Brief: Print, exactly as they stand, the lines below from the one that has "This Copper Persian" to the one that has "Поскольку я побаиваюсь", inclusive, leaving out the pictures.

Supplied data:

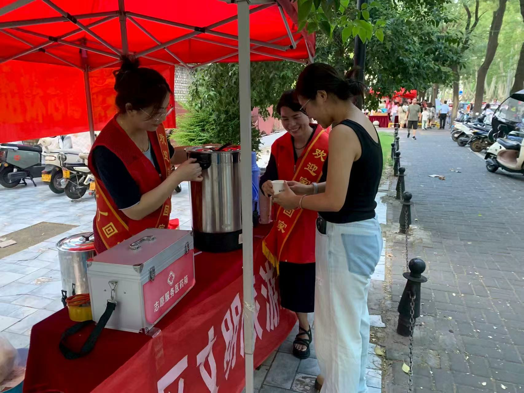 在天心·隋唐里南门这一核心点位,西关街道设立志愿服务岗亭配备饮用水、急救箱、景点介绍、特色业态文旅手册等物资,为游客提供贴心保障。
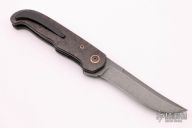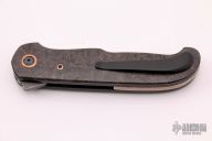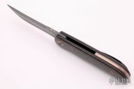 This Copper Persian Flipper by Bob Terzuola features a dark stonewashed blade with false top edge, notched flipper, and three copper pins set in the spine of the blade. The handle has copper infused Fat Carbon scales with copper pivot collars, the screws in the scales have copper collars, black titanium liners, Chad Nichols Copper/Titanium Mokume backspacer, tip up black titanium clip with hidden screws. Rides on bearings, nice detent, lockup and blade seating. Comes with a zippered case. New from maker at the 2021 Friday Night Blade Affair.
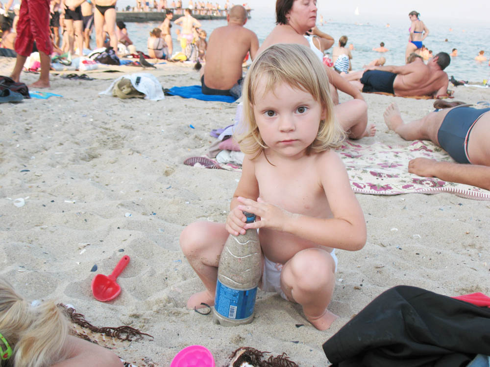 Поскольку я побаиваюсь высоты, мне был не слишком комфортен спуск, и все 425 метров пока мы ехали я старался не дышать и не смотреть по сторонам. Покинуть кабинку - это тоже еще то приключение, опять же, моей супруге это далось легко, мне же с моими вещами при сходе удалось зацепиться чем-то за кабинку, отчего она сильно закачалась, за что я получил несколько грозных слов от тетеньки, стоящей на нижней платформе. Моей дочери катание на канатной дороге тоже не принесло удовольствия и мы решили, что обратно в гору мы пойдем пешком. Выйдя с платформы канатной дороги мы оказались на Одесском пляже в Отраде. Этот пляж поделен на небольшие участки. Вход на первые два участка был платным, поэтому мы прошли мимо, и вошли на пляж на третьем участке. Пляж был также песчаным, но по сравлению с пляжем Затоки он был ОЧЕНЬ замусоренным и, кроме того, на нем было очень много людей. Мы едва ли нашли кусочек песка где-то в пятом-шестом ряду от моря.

--

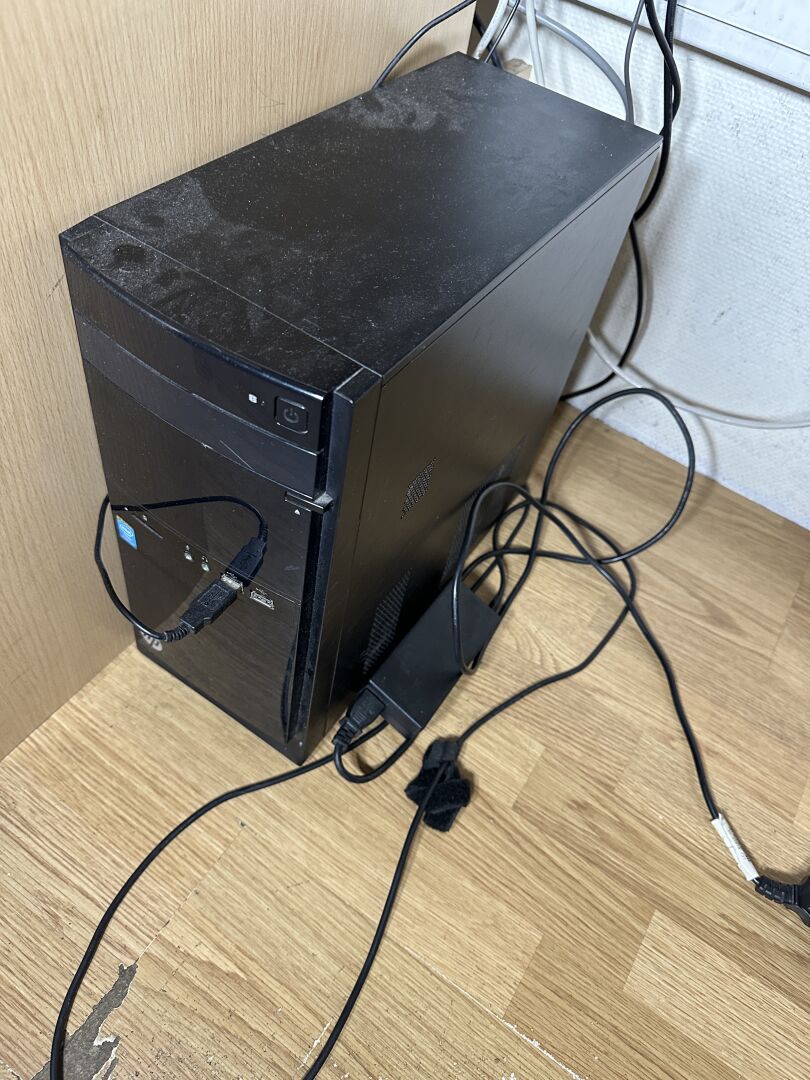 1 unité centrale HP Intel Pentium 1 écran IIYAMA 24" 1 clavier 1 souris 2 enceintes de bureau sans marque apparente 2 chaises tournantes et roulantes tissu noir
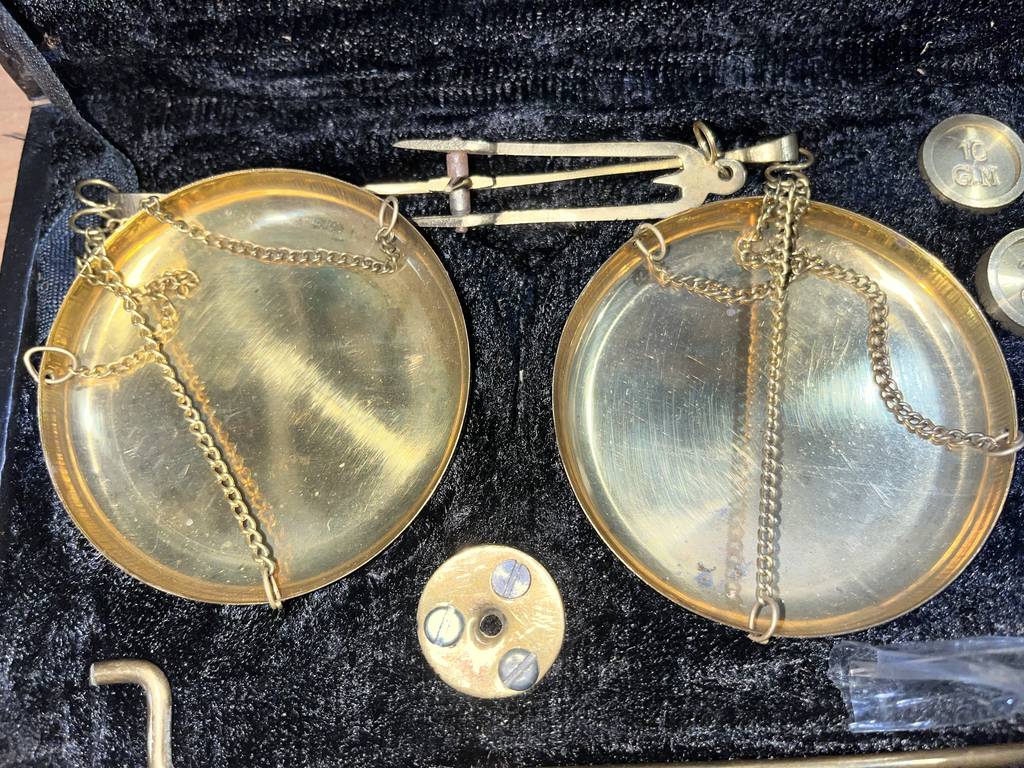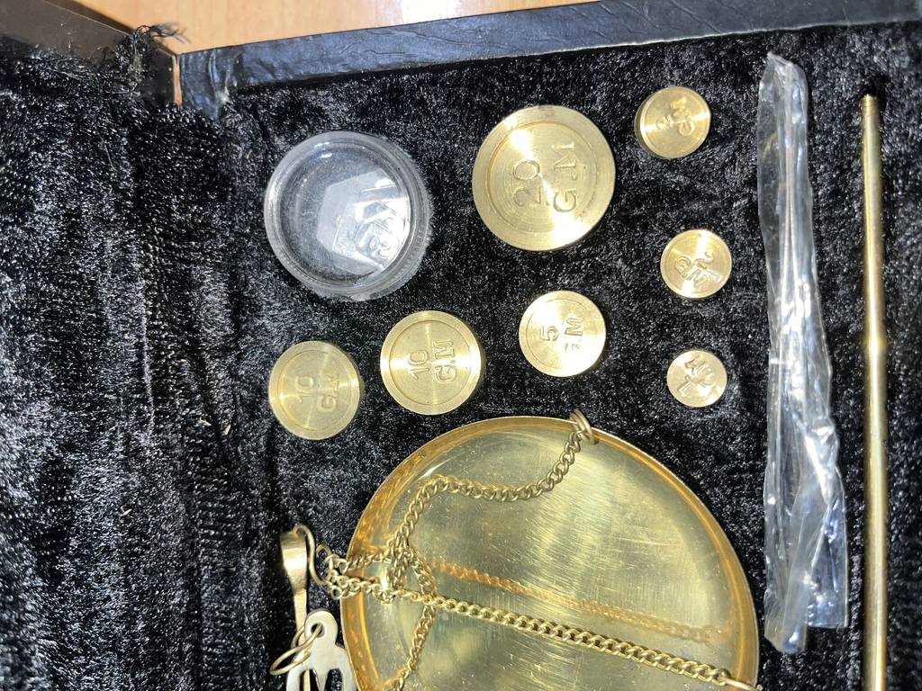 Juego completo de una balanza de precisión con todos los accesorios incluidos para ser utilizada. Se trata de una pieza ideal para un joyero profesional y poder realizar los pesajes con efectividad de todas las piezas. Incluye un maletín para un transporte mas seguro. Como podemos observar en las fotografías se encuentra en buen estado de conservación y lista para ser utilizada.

...

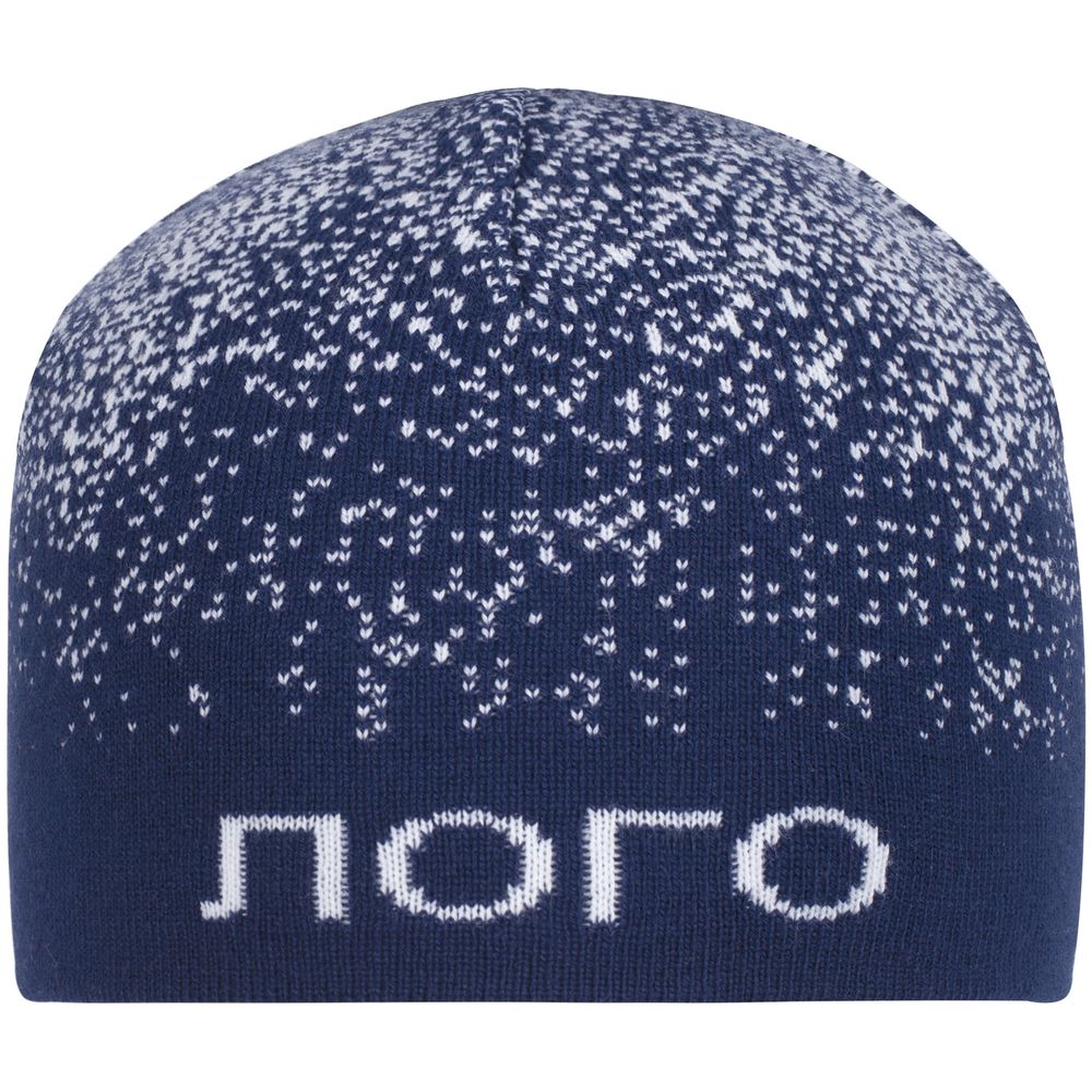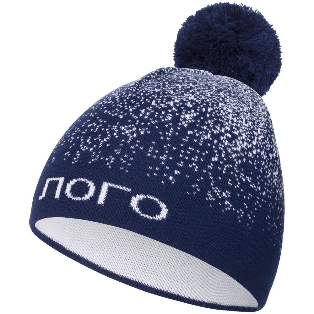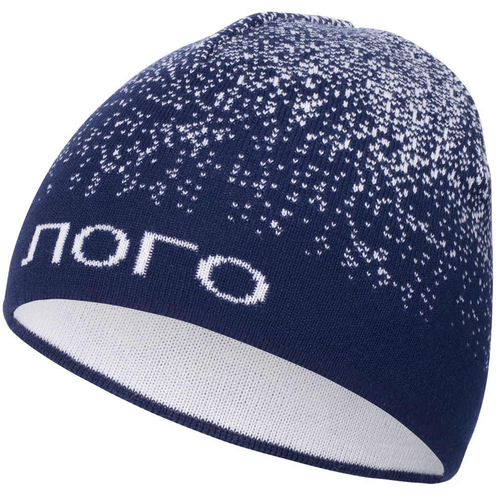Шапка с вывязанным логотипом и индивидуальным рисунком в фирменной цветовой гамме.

Output for this exercise:
 This Copper Persian Flipper by Bob Terzuola features a dark stonewashed blade with false top edge, notched flipper, and three copper pins set in the spine of the blade. The handle has copper infused Fat Carbon scales with copper pivot collars, the screws in the scales have copper collars, black titanium liners, Chad Nichols Copper/Titanium Mokume backspacer, tip up black titanium clip with hidden screws. Rides on bearings, nice detent, lockup and blade seating. Comes with a zippered case. New from maker at the 2021 Friday Night Blade Affair.
 Поскольку я побаиваюсь высоты, мне был не слишком комфортен спуск, и все 425 метров пока мы ехали я старался не дышать и не смотреть по сторонам. Покинуть кабинку - это тоже еще то приключение, опять же, моей супруге это далось легко, мне же с моими вещами при сходе удалось зацепиться чем-то за кабинку, отчего она сильно закачалась, за что я получил несколько грозных слов от тетеньки, стоящей на нижней платформе. Моей дочери катание на канатной дороге тоже не принесло удовольствия и мы решили, что обратно в гору мы пойдем пешком. Выйдя с платформы канатной дороги мы оказались на Одесском пляже в Отраде. Этот пляж поделен на небольшие участки. Вход на первые два участка был платным, поэтому мы прошли мимо, и вошли на пляж на третьем участке. Пляж был также песчаным, но по сравлению с пляжем Затоки он был ОЧЕНЬ замусоренным и, кроме того, на нем было очень много людей. Мы едва ли нашли кусочек песка где-то в пятом-шестом ряду от моря.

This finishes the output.